Anyway (sorry- that was a long downer of a side note), Cale and I emerged from the war museum in Ho Chi Minh fully depressed so decided to grab a beer at the minimart and go to the park to sit and drink away our sorrows.
We hadn’t been there for long when an older man came up to us and started talking. We are always a bit wary of this and had our guard up, kind of wondering when he was going to ask us for something. Well, he never did, and pretty soon there was a younger woman who approached us and joined the conversation. The man said – “oh yeah that’s my student.” And that’s when it clicked: I had read somewhere that locals come to the park to practice their English with visiting tourists. Pretty soon we had a crowd of no less than 15 people around us. We split into two groups and talked… and talked… and talked… until two and a half hours later I needed some water!

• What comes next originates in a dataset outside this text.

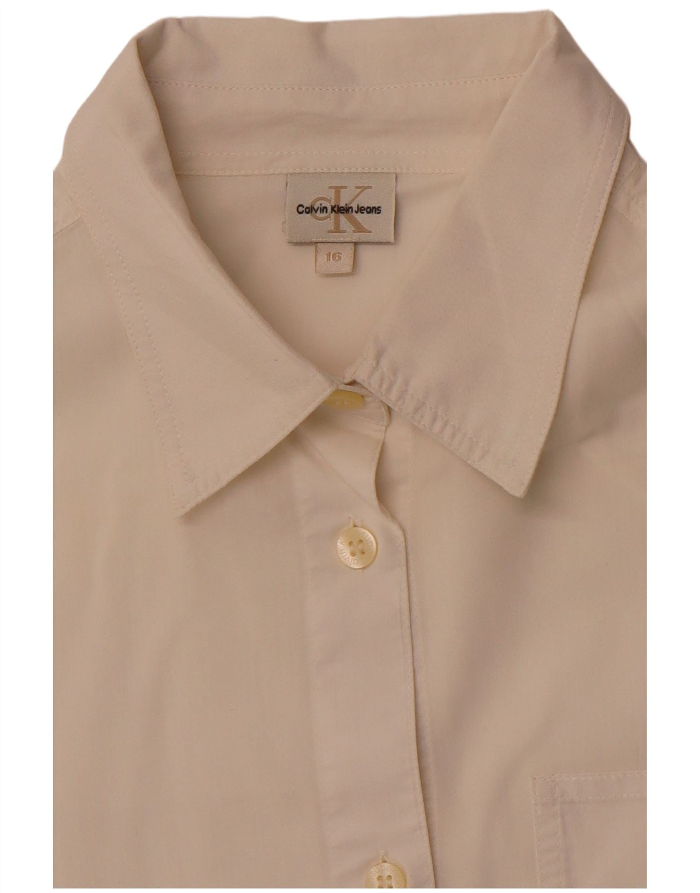 CALVIN KLEIN JEANS skjorte med 3/4 ærmer til kvinder UK 16 Large Off White

We had such great time that we returned the next day and stayed for the same amount of time. The group was a mix of students from various schools, and locals who just wanted to practice and improve their English conversation skills. Skill levels ranged from fluent to very-basic English. But they had some pretty great questions, like:
“What is love?”
“How does retirement work in the U.S.?”
“We heard about Ferguson, tell us more about race relations?”
“Why is sustainability important in business?” Oh heyyyy BGI!
I realized later that some of them thought I was legit Ellen Degenerous. And one guy clarified: “no it’s like 70% Ellen, and 30% Miley Cyrus.”
It felt like having fans… and I was OK with it!
I had an equal amount of questions for the crowd about life in Vietnam and the upcoming Tet holiday, what sites I should see, what foods to eat, what towns they were from, etc.
So this was our warm welcome to Vietnam via the park in Ho Chi Minh. What a fantastic first impression.